Für die Zulassung zum Auswahlverfahren ist von den Beschäftigungsdienststellen eine aktuelle anlassbezogene Beurteilung der bewerbenden Person zu erstellen. Die Grundlage für die Erstellung der Beurteilung sind die Richtlinien über die dienstliche Beurteilung der Beamtinnen und Beamten der Laufbahnen der Allgemeinen Dienste in der jeweils geltenden Fassung ((Brem. ABl. S. 505) zuletzt geändert durch ÄndRL vom 21. Juli 2015 (BremABl. S. 782 und 822)) in Verbindung mit §8 BremBeurtV ((Brem.GBl. S. 154) zuletzt geändert durch Art. 1 ÄndVO vom 21. Juli 2015 (Brem.GBl. S. 376)). Für die Tarifbeschäftigten sind die genannten Richtlinien analog anzuwenden.

Für die Erstellung der Beurteilung müssen die Beurteiler:innen an einer Beurteiler:innenschulung teilgenommen haben, die zum Zeitpunkt der Erstellung, nicht länger als drei Jahre zurückliegt.
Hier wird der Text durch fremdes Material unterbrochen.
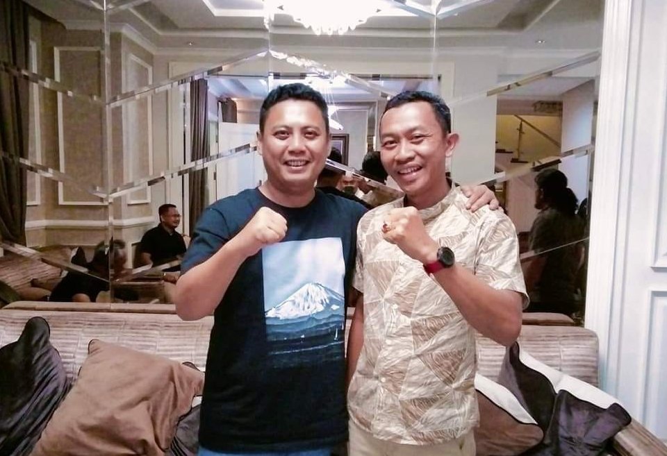 Salah satunya, Kepala Desa Wanasari, Kecamatan Angkona, Wayan Sardika terlihat berpose bersama Andi Iwan Darmawan Aras.
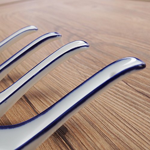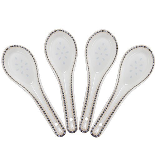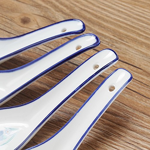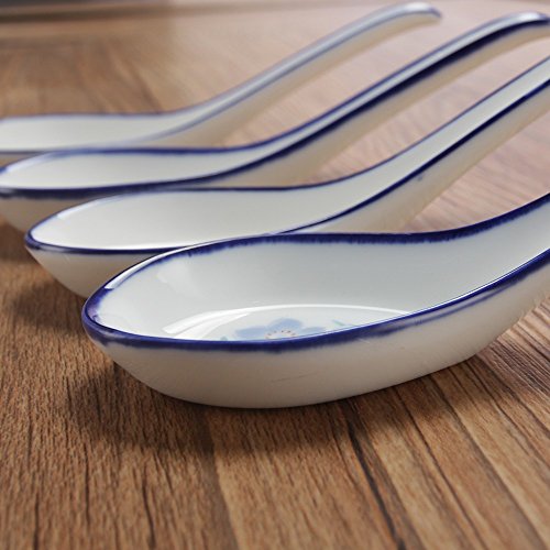 HAND PAINTED BLUE EDGING: The blue edging on these Chinease soup spoons set is all hand painting widely recognized as more valuable than uniform porcelain decal by porcelain industry. And the blue edging may change during porcelain firing. Thus, every one of these porcelain spoons is unique and not uniform to any other: some light and some dark.
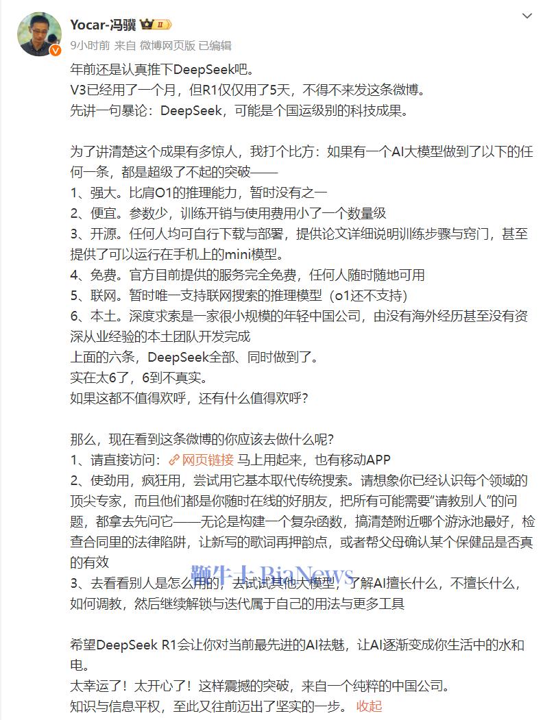 《黑悟空》制作人冯骥评DeepSeek:可能是个国运级别的科技成果
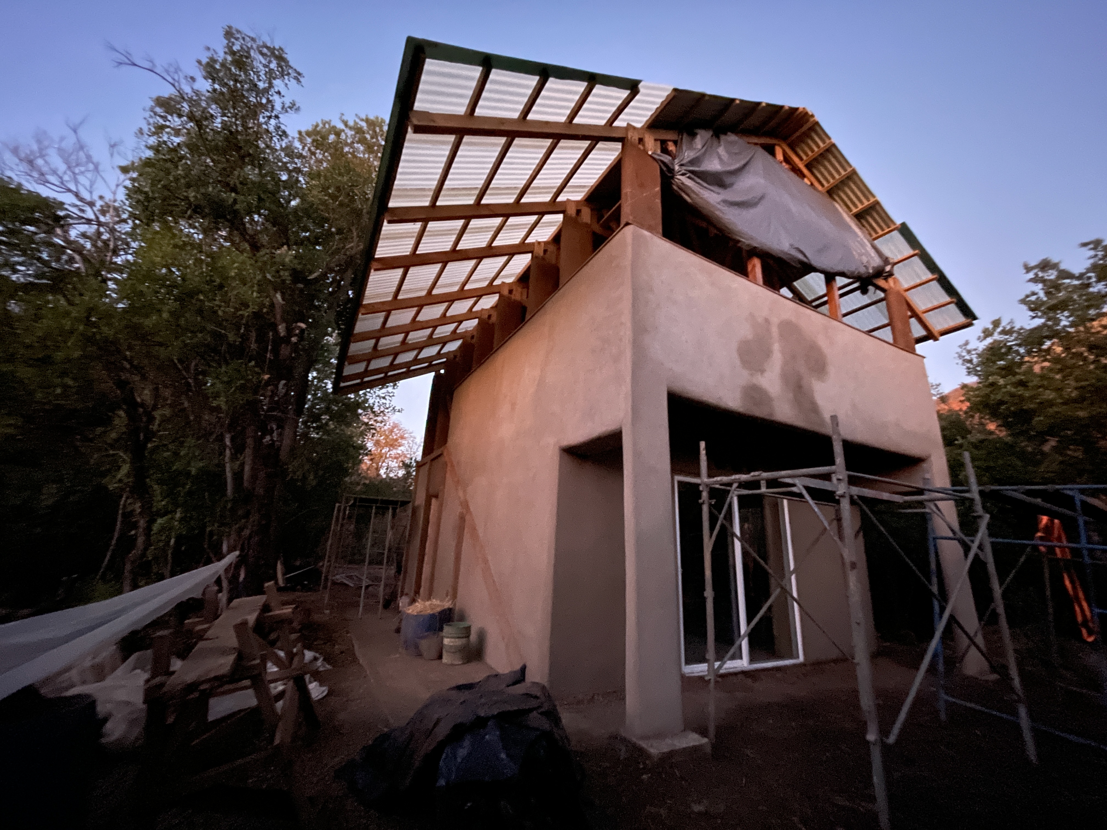 Por otro lado, claro, está la obra en Achibueno, que fue la primera vez que construyo algo que diseño, pero también es una construcción súper especial por el método, el lugar, y porque la estamos haciendo en gran parte a pulso propio y con un presupuesto "limitado". Pasé mucho tiempo en estos meses queriendo que se acabe, que baje Camilo, no tener que subir y bajar tanto, poder descansar un poco. Si bien entiendo por qué me sentía así, ahora veo esa mentalidad como algo un poco triste, porque no permite disfrutar de los procesos, pero creo que ese mismo es el aprendizaje. Todo tiene su tiempo, no sirve de nada apurarlo (como dicen en Colombia: del afán sólo queda el cansancio) y en vez de pensar que lo podré disfrutar cuando termine, hay que parar, dejar de esperar o de presionar, y encontrar el disfrute ahora (especialmente considerando que este proyecto ni siquiera acaba con esta estructura).
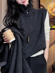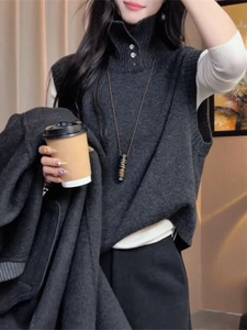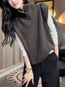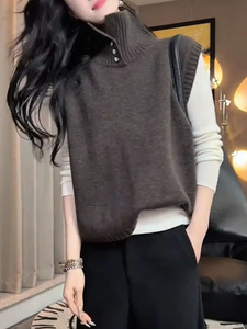 法式外穿半开高领针织衫马甲女士上衣早秋冬叠穿保暖内搭背心毛衣

Dieses ist von der jeweiligen obersten Dienstbehörde in der Anlage 1 zu bestätigen.

Für die von den obersten Dienstbehörden/senatorischen Dienststellen benannten Beurteiler:innen führt der Senator für Finanzen bei Bedarf,
am Dienstag, 18. Januar 2022, von 09:00 - ca. 13:00 Uhr,
eine Online-Schulungsveranstaltung durch.

Für die Anmeldung zu dieser Veranstaltung benutzen Sie bitte den beiliegenden Rückmeldebogen (Anlage 2).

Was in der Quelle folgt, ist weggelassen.